ACTION ITEM:
Your copy of the data should leave out the images and match everything else exactly.

MATERIAL TO PROCESS:
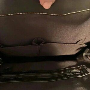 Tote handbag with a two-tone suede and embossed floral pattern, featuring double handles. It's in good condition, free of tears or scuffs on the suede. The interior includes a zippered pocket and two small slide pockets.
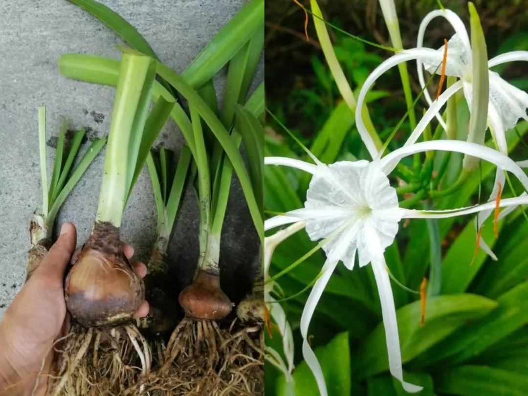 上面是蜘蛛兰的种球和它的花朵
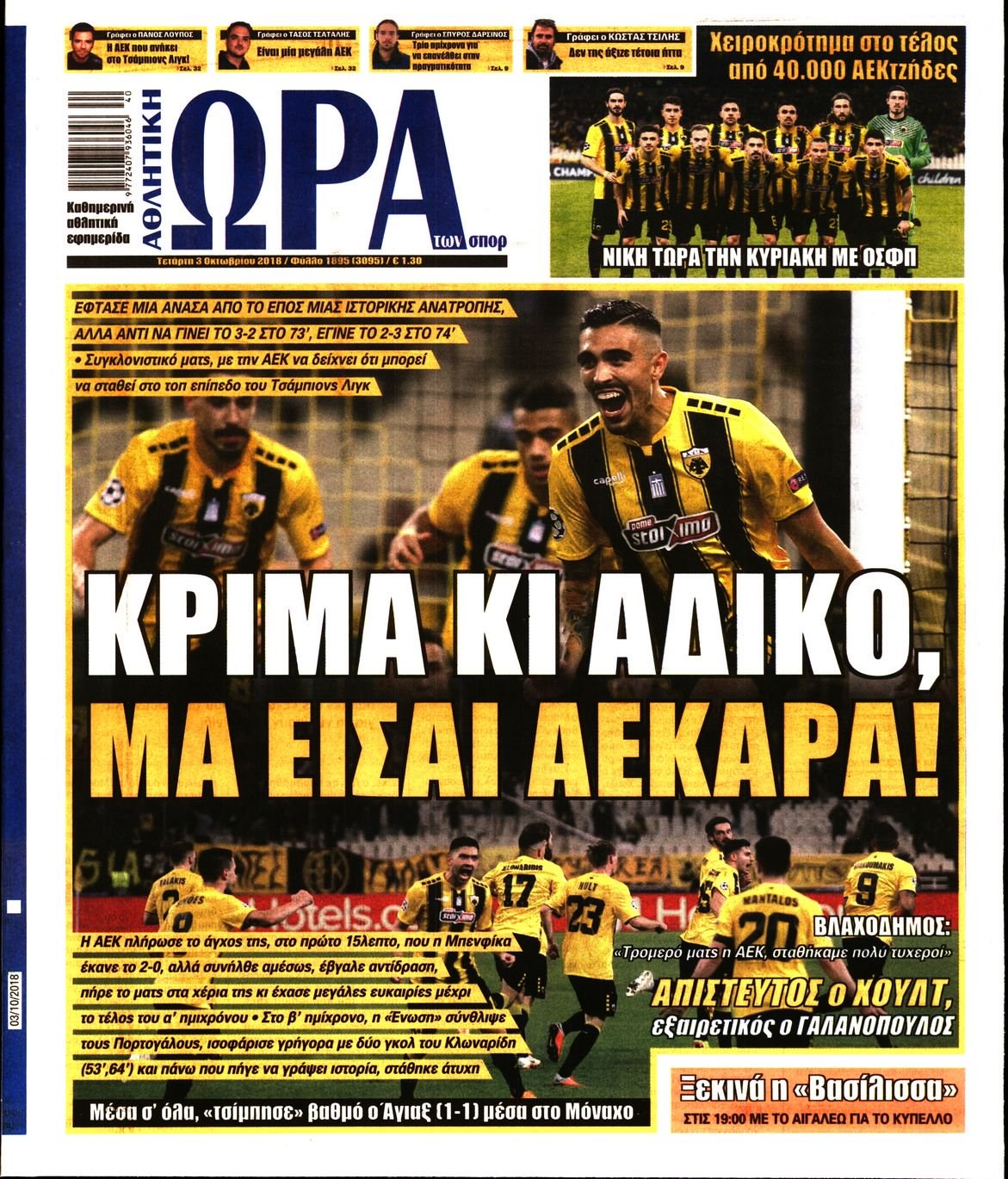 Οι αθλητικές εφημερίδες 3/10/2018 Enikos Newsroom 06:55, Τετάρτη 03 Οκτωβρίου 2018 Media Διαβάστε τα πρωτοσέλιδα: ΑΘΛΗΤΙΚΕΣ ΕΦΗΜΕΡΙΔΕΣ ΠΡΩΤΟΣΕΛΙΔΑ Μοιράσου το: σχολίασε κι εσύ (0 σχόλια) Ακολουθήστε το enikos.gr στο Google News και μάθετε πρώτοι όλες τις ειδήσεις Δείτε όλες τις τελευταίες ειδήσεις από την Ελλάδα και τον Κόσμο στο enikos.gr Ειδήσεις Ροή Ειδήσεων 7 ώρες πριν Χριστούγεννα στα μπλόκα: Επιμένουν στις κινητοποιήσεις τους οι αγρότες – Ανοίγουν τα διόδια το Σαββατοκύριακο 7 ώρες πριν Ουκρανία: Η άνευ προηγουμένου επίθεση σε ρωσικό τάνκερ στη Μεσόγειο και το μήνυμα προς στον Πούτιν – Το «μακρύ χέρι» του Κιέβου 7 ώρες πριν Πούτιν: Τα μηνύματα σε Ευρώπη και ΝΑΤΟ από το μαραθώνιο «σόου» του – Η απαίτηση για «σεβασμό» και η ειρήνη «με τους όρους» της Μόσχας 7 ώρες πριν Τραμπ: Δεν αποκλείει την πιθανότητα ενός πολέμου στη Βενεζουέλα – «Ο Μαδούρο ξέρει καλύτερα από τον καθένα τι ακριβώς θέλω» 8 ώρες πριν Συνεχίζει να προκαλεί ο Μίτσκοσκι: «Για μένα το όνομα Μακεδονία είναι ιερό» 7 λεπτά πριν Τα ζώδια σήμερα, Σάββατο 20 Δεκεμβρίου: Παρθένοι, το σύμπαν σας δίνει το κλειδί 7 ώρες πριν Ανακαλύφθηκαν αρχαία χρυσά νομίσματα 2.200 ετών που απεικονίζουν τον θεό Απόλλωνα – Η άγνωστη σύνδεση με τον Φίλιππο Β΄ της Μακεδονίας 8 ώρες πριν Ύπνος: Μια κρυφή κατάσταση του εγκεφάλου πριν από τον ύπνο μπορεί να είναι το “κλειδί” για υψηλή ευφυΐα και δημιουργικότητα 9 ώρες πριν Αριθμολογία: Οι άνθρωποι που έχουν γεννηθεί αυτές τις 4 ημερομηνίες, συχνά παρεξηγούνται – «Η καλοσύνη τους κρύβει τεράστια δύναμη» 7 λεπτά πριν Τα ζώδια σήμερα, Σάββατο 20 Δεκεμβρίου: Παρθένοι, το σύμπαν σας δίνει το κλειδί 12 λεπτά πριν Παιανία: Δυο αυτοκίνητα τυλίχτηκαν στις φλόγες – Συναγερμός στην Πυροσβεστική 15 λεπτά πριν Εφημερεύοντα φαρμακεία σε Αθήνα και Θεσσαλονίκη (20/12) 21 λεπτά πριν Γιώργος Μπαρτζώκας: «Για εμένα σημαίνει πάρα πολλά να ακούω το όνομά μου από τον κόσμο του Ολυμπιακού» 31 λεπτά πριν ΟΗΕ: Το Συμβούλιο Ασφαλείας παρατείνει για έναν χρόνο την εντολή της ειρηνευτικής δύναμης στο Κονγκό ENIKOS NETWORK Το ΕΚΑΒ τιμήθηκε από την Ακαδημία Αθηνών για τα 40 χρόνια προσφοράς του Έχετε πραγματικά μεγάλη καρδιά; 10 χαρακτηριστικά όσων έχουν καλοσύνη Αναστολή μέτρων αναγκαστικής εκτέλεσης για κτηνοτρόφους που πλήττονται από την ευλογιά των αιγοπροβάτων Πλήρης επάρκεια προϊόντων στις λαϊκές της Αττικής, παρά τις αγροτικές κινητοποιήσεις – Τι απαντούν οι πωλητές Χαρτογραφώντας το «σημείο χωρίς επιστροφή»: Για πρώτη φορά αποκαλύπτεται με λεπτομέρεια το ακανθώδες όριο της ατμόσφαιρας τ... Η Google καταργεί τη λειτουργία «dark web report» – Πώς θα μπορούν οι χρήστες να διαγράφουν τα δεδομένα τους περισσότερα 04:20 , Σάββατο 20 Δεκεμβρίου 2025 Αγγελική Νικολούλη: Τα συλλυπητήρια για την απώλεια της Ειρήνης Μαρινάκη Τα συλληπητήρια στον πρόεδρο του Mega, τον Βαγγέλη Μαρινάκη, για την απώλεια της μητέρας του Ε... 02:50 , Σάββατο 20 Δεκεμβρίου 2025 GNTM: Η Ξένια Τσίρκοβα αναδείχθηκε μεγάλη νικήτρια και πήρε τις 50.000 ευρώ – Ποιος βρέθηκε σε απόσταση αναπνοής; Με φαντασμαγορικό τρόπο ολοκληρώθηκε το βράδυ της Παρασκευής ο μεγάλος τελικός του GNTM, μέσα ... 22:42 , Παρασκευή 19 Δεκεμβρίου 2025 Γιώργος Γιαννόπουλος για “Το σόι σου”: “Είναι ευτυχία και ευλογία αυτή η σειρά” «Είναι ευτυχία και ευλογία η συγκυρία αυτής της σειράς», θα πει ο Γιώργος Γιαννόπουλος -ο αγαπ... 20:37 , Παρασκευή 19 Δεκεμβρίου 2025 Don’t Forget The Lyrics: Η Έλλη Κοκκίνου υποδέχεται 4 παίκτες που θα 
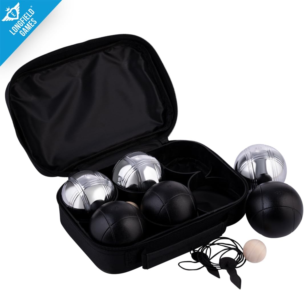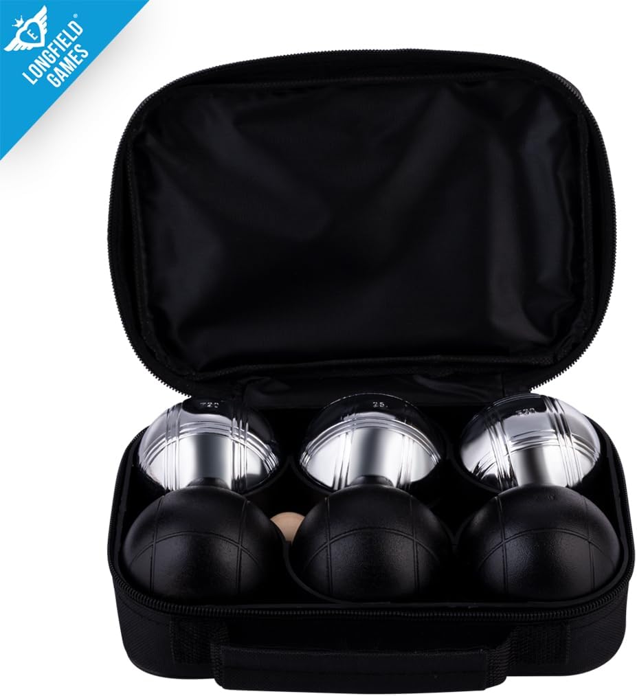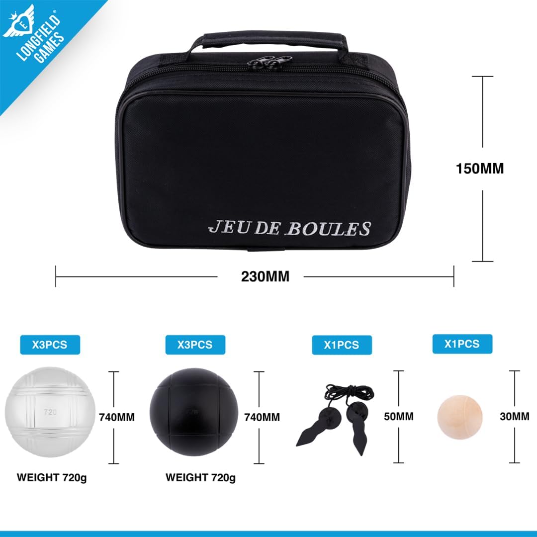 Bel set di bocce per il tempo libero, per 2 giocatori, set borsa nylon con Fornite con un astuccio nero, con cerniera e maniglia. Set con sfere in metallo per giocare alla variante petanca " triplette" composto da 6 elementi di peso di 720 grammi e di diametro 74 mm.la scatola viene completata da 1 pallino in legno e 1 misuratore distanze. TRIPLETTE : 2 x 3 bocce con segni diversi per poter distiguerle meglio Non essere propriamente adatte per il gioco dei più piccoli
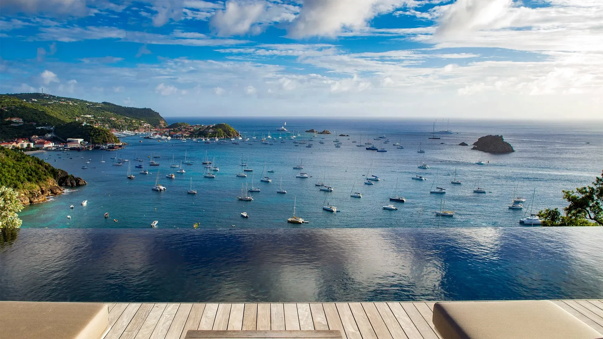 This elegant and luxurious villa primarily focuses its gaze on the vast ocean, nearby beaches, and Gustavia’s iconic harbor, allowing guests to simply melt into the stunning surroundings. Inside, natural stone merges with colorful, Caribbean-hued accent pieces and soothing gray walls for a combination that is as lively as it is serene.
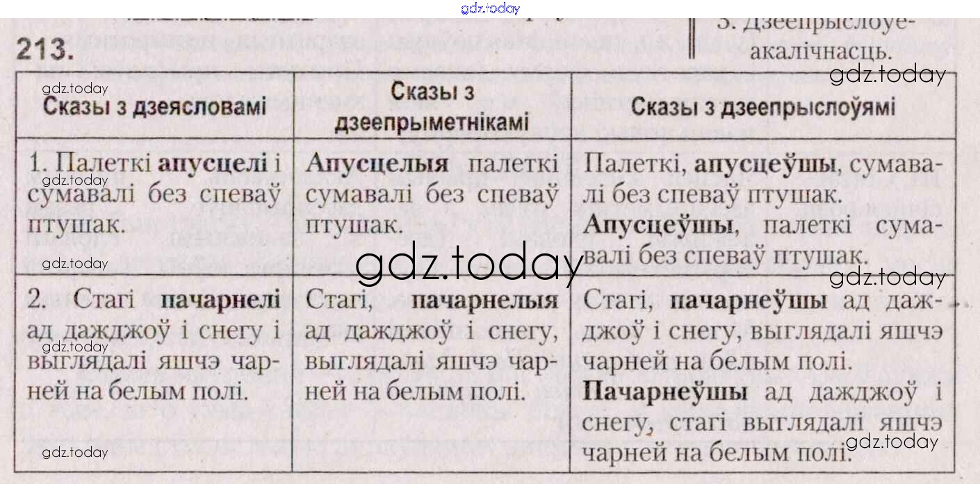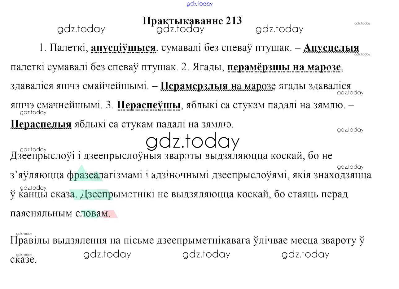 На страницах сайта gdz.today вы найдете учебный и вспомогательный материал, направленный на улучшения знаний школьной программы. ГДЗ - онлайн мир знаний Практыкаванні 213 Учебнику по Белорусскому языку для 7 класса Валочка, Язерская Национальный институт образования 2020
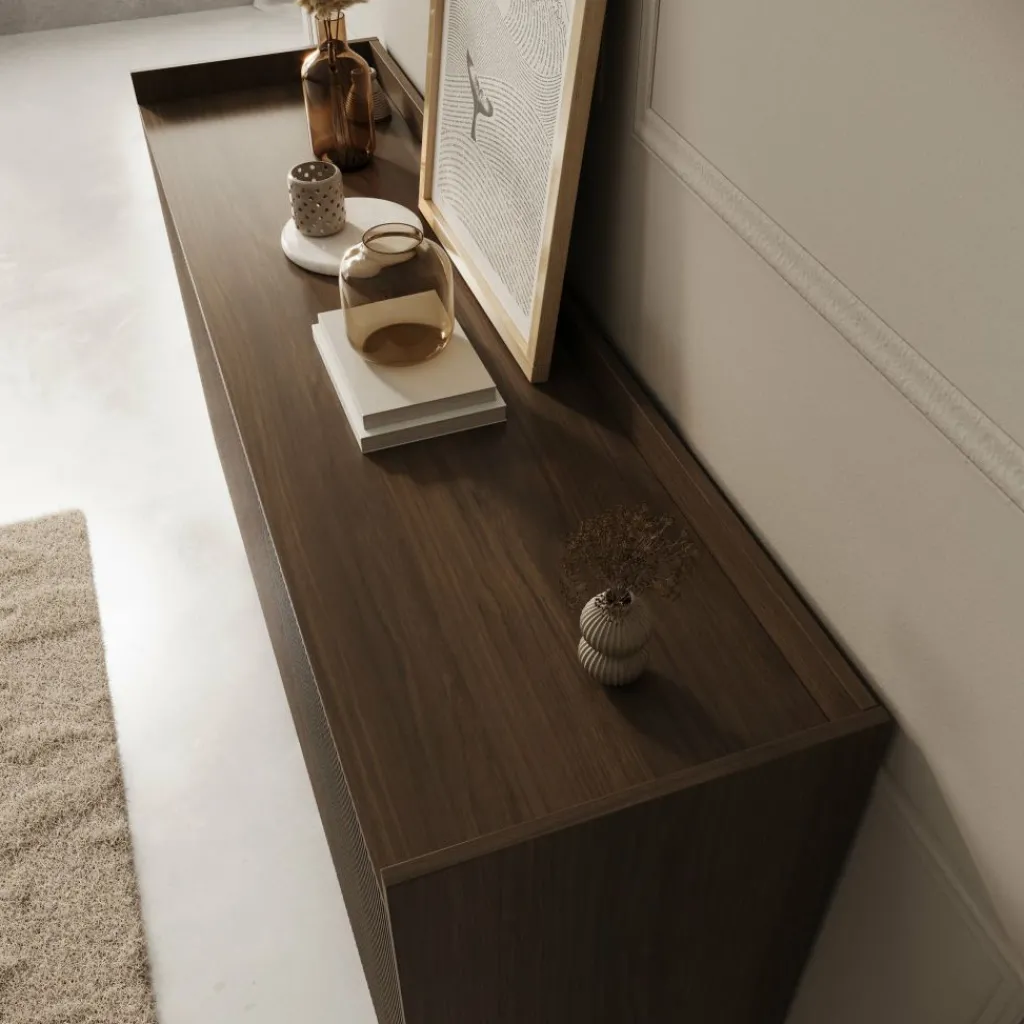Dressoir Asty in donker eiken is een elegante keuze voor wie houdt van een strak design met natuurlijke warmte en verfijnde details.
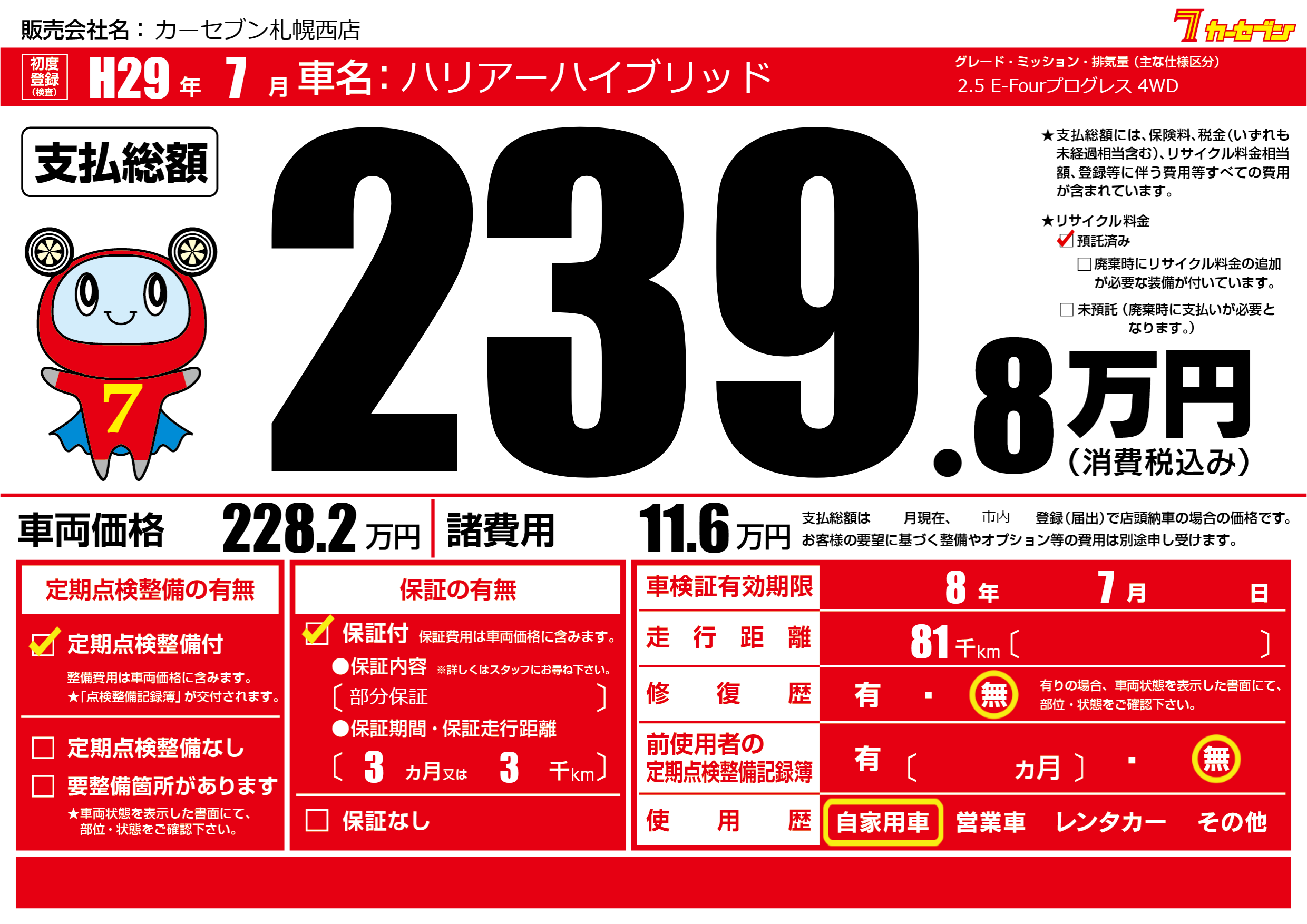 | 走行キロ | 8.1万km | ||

WRITTEN REPLY:
 Tote handbag with a two-tone suede and embossed floral pattern, featuring double handles. It's in good condition, free of tears or scuffs on the suede. The interior includes a zippered pocket and two small slide pockets.
 上面是蜘蛛兰的种球和它的花朵
 Οι αθλητικές εφημερίδες 3/10/2018 Enikos Newsroom 06:55, Τετάρτη 03 Οκτωβρίου 2018 Media Διαβάστε τα πρωτοσέλιδα: ΑΘΛΗΤΙΚΕΣ ΕΦΗΜΕΡΙΔΕΣ ΠΡΩΤΟΣΕΛΙΔΑ Μοιράσου το: σχολίασε κι εσύ (0 σχόλια) Ακολουθήστε το enikos.gr στο Google News και μάθετε πρώτοι όλες τις ειδήσεις Δείτε όλες τις τελευταίες ειδήσεις από την Ελλάδα και τον Κόσμο στο enikos.gr Ειδήσεις Ροή Ειδήσεων 7 ώρες πριν Χριστούγεννα στα μπλόκα: Επιμένουν στις κινητοποιήσεις τους οι αγρότες – Ανοίγουν τα διόδια το Σαββατοκύριακο 7 ώρες πριν Ουκρανία: Η άνευ προηγουμένου επίθεση σε ρωσικό τάνκερ στη Μεσόγειο και το μήνυμα προς στον Πούτιν – Το «μακρύ χέρι» του Κιέβου 7 ώρες πριν Πούτιν: Τα μηνύματα σε Ευρώπη και ΝΑΤΟ από το μαραθώνιο «σόου» του – Η απαίτηση για «σεβασμό» και η ειρήνη «με τους όρους» της Μόσχας 7 ώρες πριν Τραμπ: Δεν αποκλείει την πιθανότητα ενός πολέμου στη Βενεζουέλα – «Ο Μαδούρο ξέρει καλύτερα από τον καθένα τι ακριβώς θέλω» 8 ώρες πριν Συνεχίζει να προκαλεί ο Μίτσκοσκι: «Για μένα το όνομα Μακεδονία είναι ιερό» 7 λεπτά πριν Τα ζώδια σήμερα, Σάββατο 20 Δεκεμβρίου: Παρθένοι, το σύμπαν σας δίνει το κλειδί 7 ώρες πριν Ανακαλύφθηκαν αρχαία χρυσά νομίσματα 2.200 ετών που απεικονίζουν τον θεό Απόλλωνα – Η άγνωστη σύνδεση με τον Φίλιππο Β΄ της Μακεδονίας 8 ώρες πριν Ύπνος: Μια κρυφή κατάσταση του εγκεφάλου πριν από τον ύπνο μπορεί να είναι το “κλειδί” για υψηλή ευφυΐα και δημιουργικότητα 9 ώρες πριν Αριθμολογία: Οι άνθρωποι που έχουν γεννηθεί αυτές τις 4 ημερομηνίες, συχνά παρεξηγούνται – «Η καλοσύνη τους κρύβει τεράστια δύναμη» 7 λεπτά πριν Τα ζώδια σήμερα, Σάββατο 20 Δεκεμβρίου: Παρθένοι, το σύμπαν σας δίνει το κλειδί 12 λεπτά πριν Παιανία: Δυο αυτοκίνητα τυλίχτηκαν στις φλόγες – Συναγερμός στην Πυροσβεστική 15 λεπτά πριν Εφημερεύοντα φαρμακεία σε Αθήνα και Θεσσαλονίκη (20/12) 21 λεπτά πριν Γιώργος Μπαρτζώκας: «Για εμένα σημαίνει πάρα πολλά να ακούω το όνομά μου από τον κόσμο του Ολυμπιακού» 31 λεπτά πριν ΟΗΕ: Το Συμβούλιο Ασφαλείας παρατείνει για έναν χρόνο την εντολή της ειρηνευτικής δύναμης στο Κονγκό ENIKOS NETWORK Το ΕΚΑΒ τιμήθηκε από την Ακαδημία Αθηνών για τα 40 χρόνια προσφοράς του Έχετε πραγματικά μεγάλη καρδιά; 10 χαρακτηριστικά όσων έχουν καλοσύνη Αναστολή μέτρων αναγκαστικής εκτέλεσης για κτηνοτρόφους που πλήττονται από την ευλογιά των αιγοπροβάτων Πλήρης επάρκεια προϊόντων στις λαϊκές της Αττικής, παρά τις αγροτικές κινητοποιήσεις – Τι απαντούν οι πωλητές Χαρτογραφώντας το «σημείο χωρίς επιστροφή»: Για πρώτη φορά αποκαλύπτεται με λεπτομέρεια το ακανθώδες όριο της ατμόσφαιρας τ... Η Google καταργεί τη λειτουργία «dark web report» – Πώς θα μπορούν οι χρήστες να διαγράφουν τα δεδομένα τους περισσότερα 04:20 , Σάββατο 20 Δεκεμβρίου 2025 Αγγελική Νικολούλη: Τα συλλυπητήρια για την απώλεια της Ειρήνης Μαρινάκη Τα συλληπητήρια στον πρόεδρο του Mega, τον Βαγγέλη Μαρινάκη, για την απώλεια της μητέρας του Ε... 02:50 , Σάββατο 20 Δεκεμβρίου 2025 GNTM: Η Ξένια Τσίρκοβα αναδείχθηκε μεγάλη νικήτρια και πήρε τις 50.000 ευρώ – Ποιος βρέθηκε σε απόσταση αναπνοής; Με φαντασμαγορικό τρόπο ολοκληρώθηκε το βράδυ της Παρασκευής ο μεγάλος τελικός του GNTM, μέσα ... 22:42 , Παρασκευή 19 Δεκεμβρίου 2025 Γιώργος Γιαννόπουλος για “Το σόι σου”: “Είναι ευτυχία και ευλογία αυτή η σειρά” «Είναι ευτυχία και ευλογία η συγκυρία αυτής της σειράς», θα πει ο Γιώργος Γιαννόπουλος -ο αγαπ... 20:37 , Παρασκευή 19 Δεκεμβρίου 2025 Don’t Forget The Lyrics: Η Έλλη Κοκκίνου υποδέχεται 4 παίκτες που θα 
 Bel set di bocce per il tempo libero, per 2 giocatori, set borsa nylon con Fornite con un astuccio nero, con cerniera e maniglia. Set con sfere in metallo per giocare alla variante petanca " triplette" composto da 6 elementi di peso di 720 grammi e di diametro 74 mm.la scatola viene completata da 1 pallino in legno e 1 misuratore distanze. TRIPLETTE : 2 x 3 bocce con segni diversi per poter distiguerle meglio Non essere propriamente adatte per il gioco dei più piccoli
 This elegant and luxurious villa primarily focuses its gaze on the vast ocean, nearby beaches, and Gustavia’s iconic harbor, allowing guests to simply melt into the stunning surroundings. Inside, natural stone merges with colorful, Caribbean-hued accent pieces and soothing gray walls for a combination that is as lively as it is serene.
 На страницах сайта gdz.today вы найдете учебный и вспомогательный материал, направленный на улучшения знаний школьной программы. ГДЗ - онлайн мир знаний Практыкаванні 213 Учебнику по Белорусскому языку для 7 класса Валочка, Язерская Национальный институт образования 2020
Dressoir Asty in donker eiken is een elegante keuze voor wie houdt van een strak design met natuurlijke warmte en verfijnde details.
 | 走行キロ | 8.1万km | ||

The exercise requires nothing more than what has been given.